## Aim of the task
Please write out exactly the line containing "(3)工程内容及规模:按照相" below and every line after it, through the last one, but leave out any pictures.

───── Data excerpts

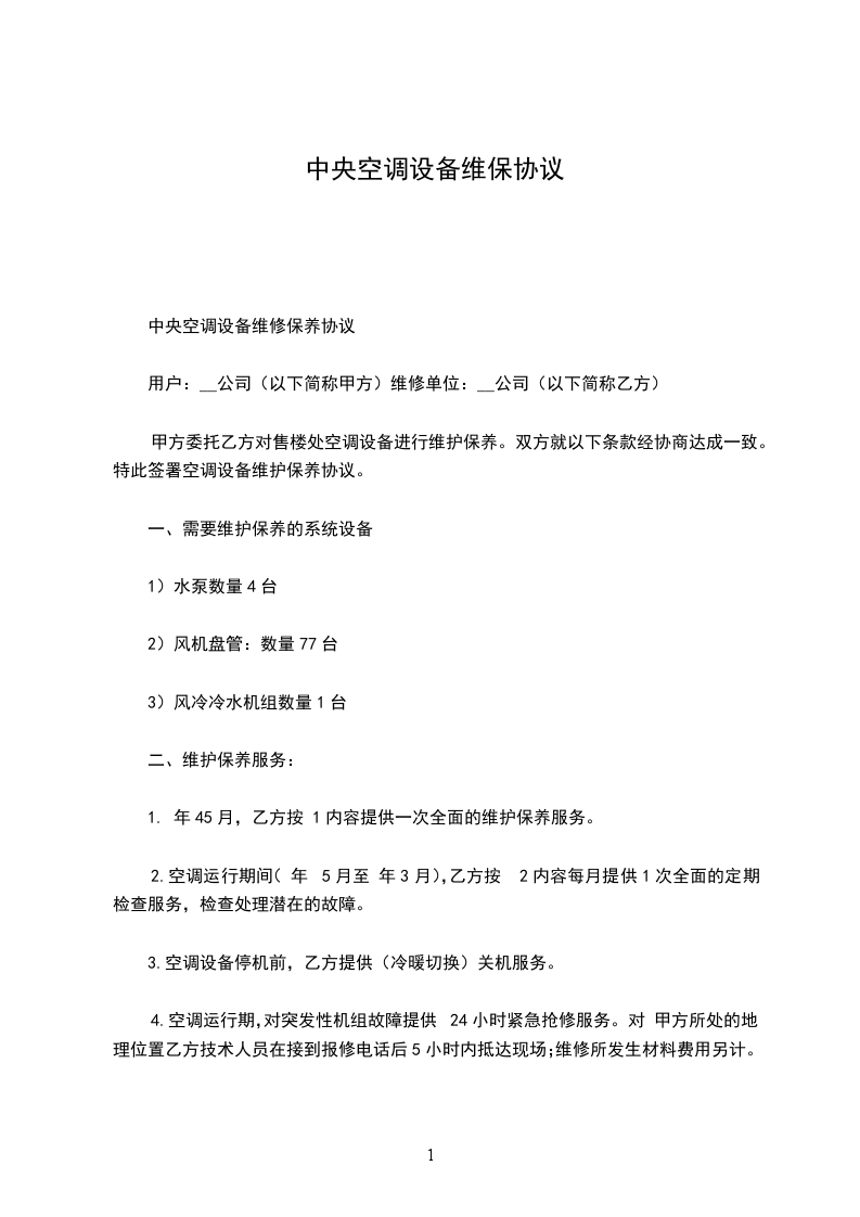 4、_______ 年 _____月 ____日前完成现场组装和调试工作,达到正常使用状态。
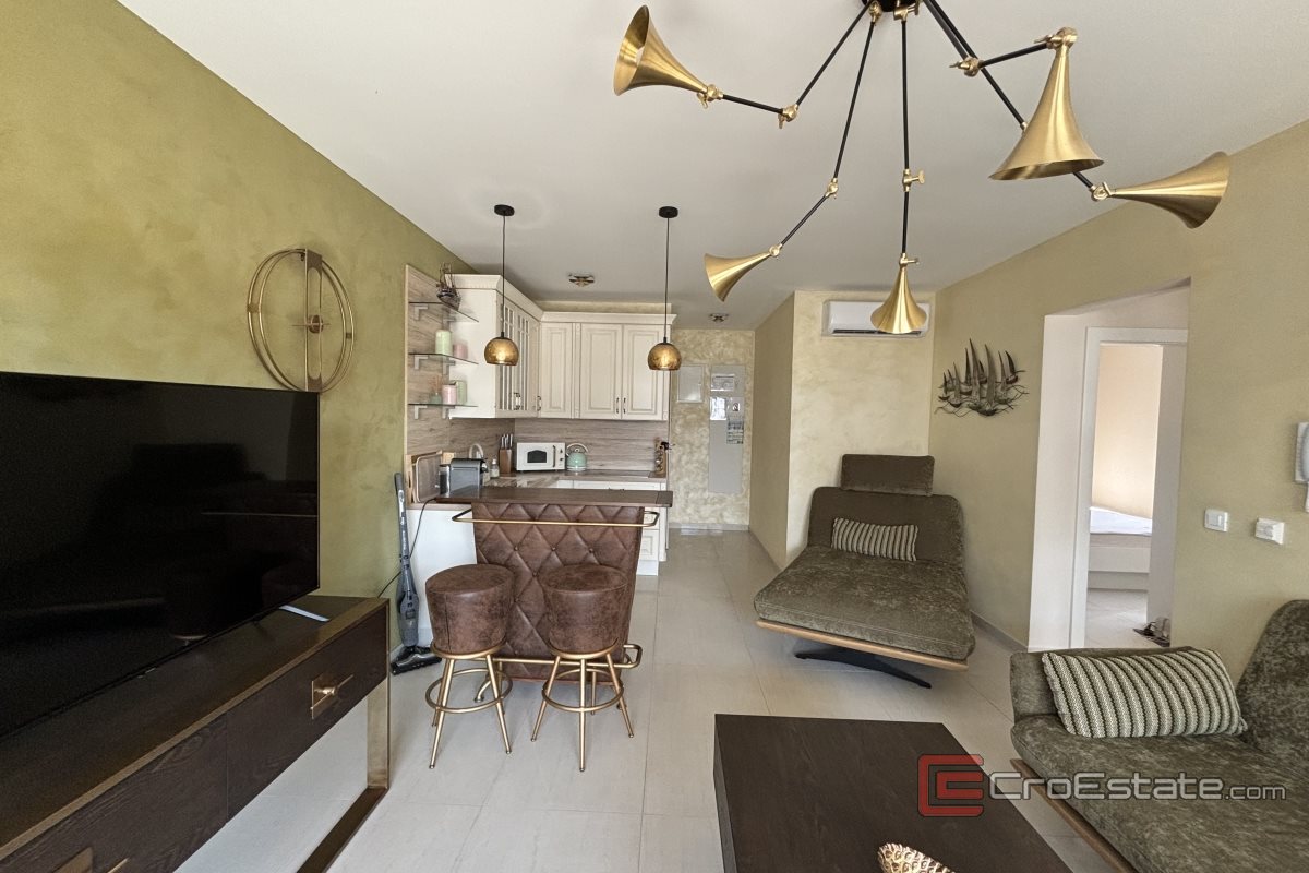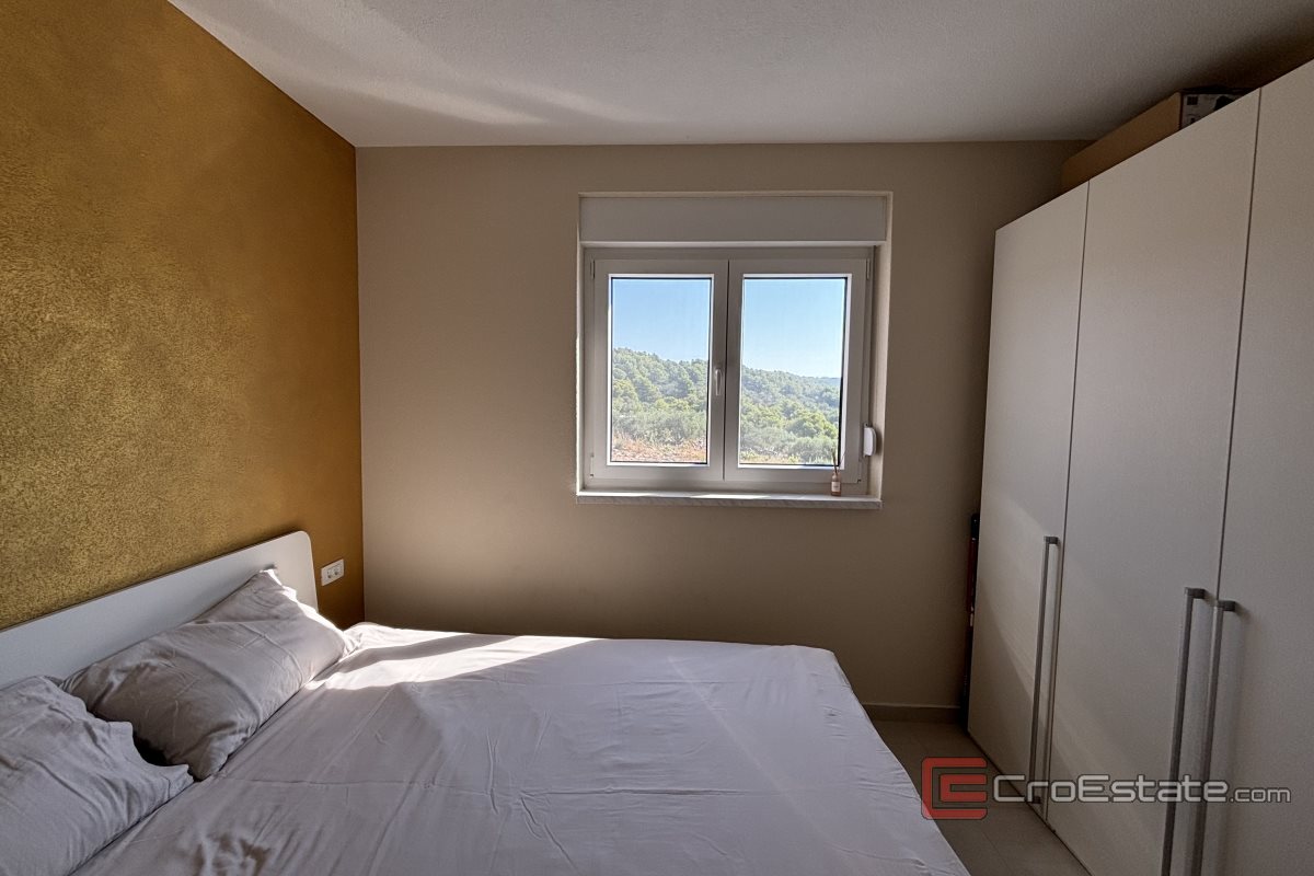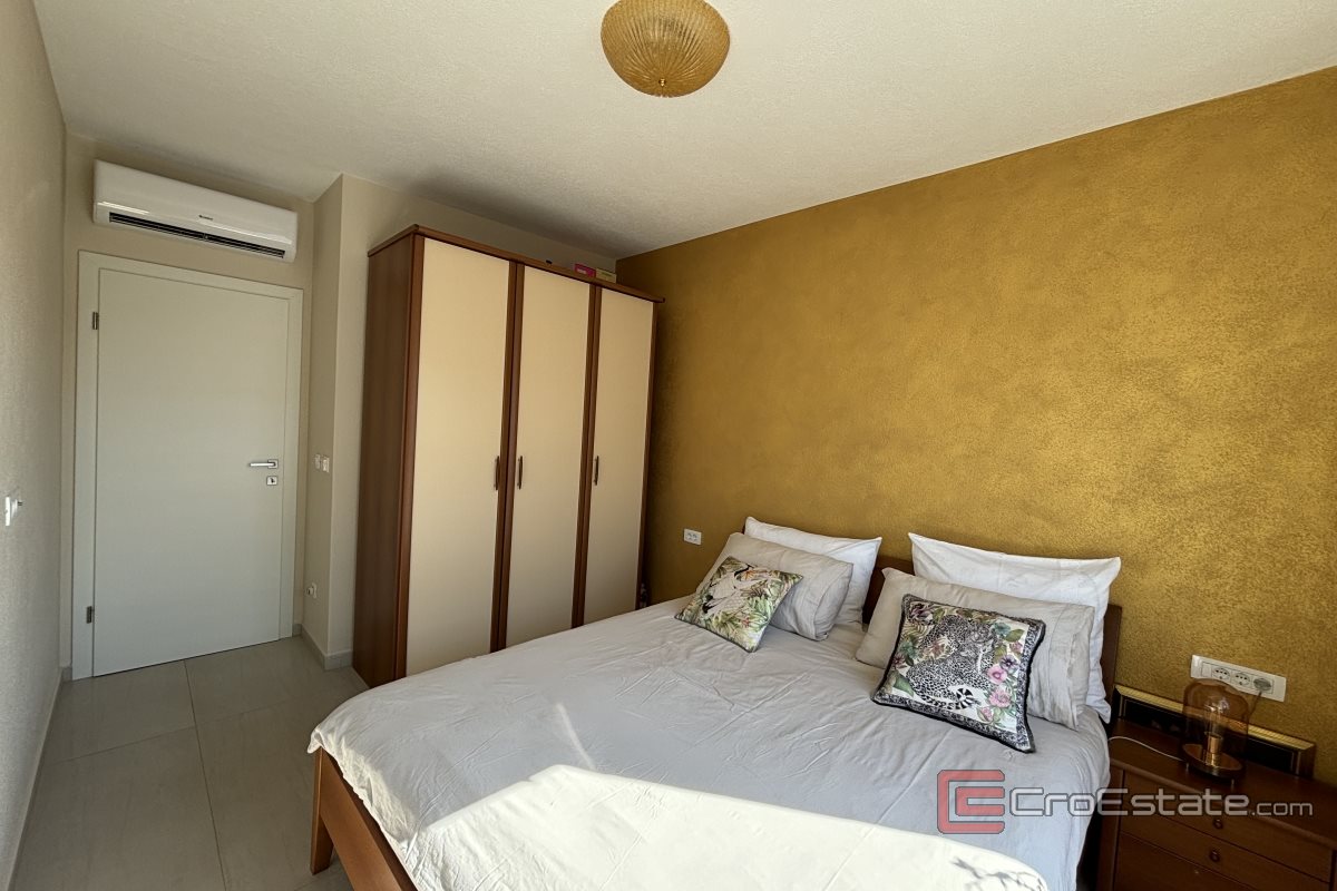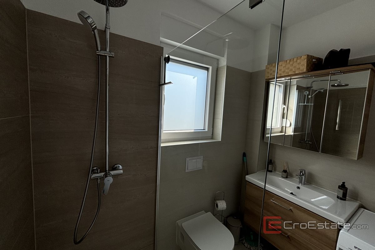 Un appartement de deux chambres à vendre à Okrug Gornji dans un immeuble nouvellement construit. L'appartement est situé à proximité de toutes les commodités nécessaires à une vie et des vacances de qualité (boulangerie, supermarché, plages, cafés, pharmacie) et dispose d'une vue partielle sur la mer.
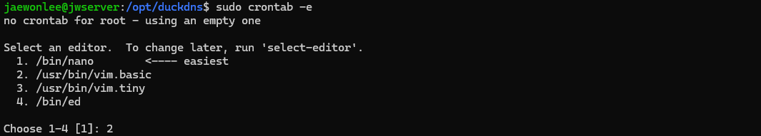 DuckDNS는 동정 IP를 사용할 경우 IP 주소를 주기적으로 업데이트해야하므로, cron job을 설정하여 스크립트를 자동으로 실행하게 만듭니다.
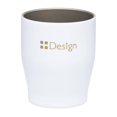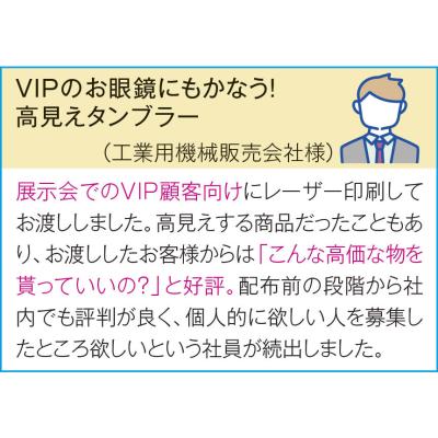 真空二重構造で保温・保冷に優れたタンブラー。清潔感のあるホワイトも人気のポイントです。口径が広いため、大きな氷も楽々投入可能。結露せず、デスクにも安心して置けるので、あらゆるシーンで愛されるタンブラーです。ワンポイントのレーザー名入れが映えます。
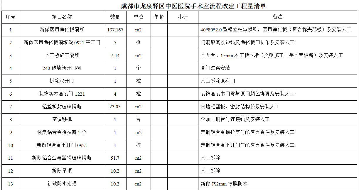 (3)工程内容及规模:按照相关专业规范和甲方要求实施手术室流程改建工程等。详见龙泉驿区中医医院手术室流程改建工程量清单。
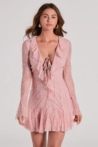 A dreamy mix of sophistication and sultry, this lace A-line mini dress is perfect for cocktail hour! Featuring sheer fitted sleeves with delicate ruffled cuffs, a plunging V-neckline adorned with femme ruffle trim and satin ties, and a flirty A-line silhouette with a playful ruffled hem. Complete the look in stiletto heels and a clutch!
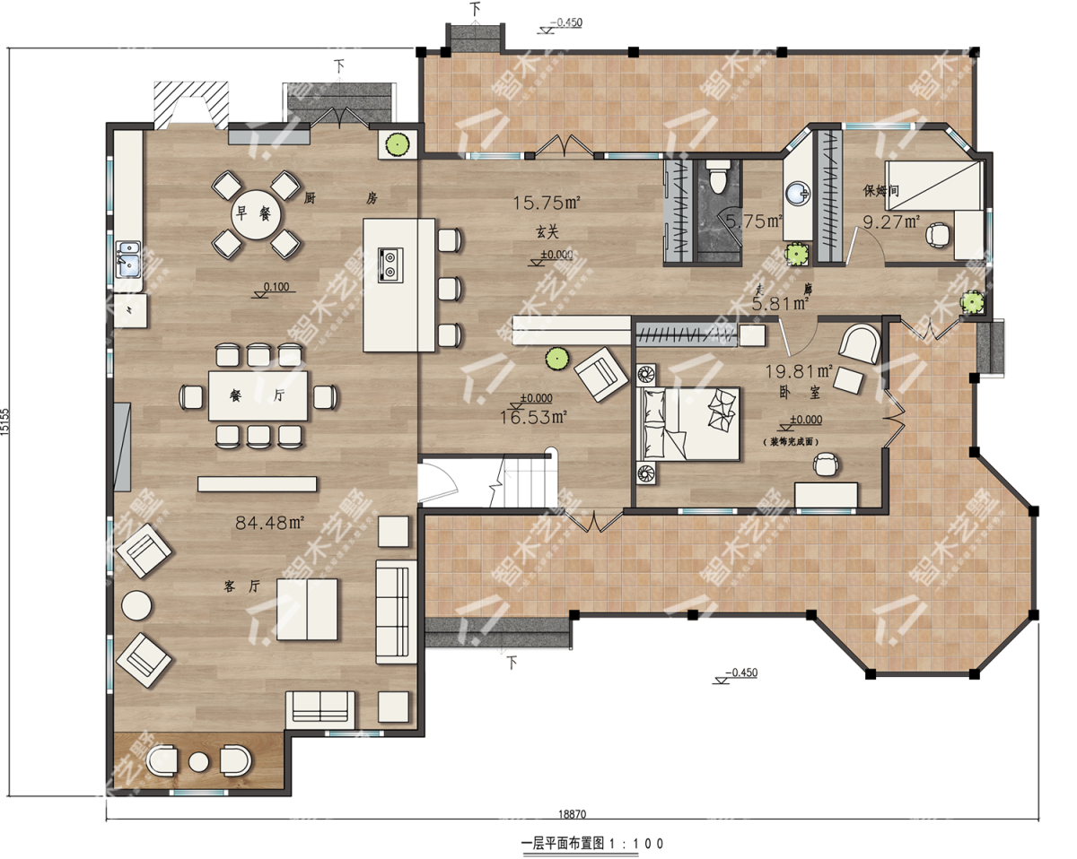 进深×面宽:18.8×15.1m

──────────

## Task response
 (3)工程内容及规模:按照相关专业规范和甲方要求实施手术室流程改建工程等。详见龙泉驿区中医医院手术室流程改建工程量清单。
 A dreamy mix of sophistication and sultry, this lace A-line mini dress is perfect for cocktail hour! Featuring sheer fitted sleeves with delicate ruffled cuffs, a plunging V-neckline adorned with femme ruffle trim and satin ties, and a flirty A-line silhouette with a playful ruffled hem. Complete the look in stiletto heels and a clutch!
 进深×面宽:18.8×15.1m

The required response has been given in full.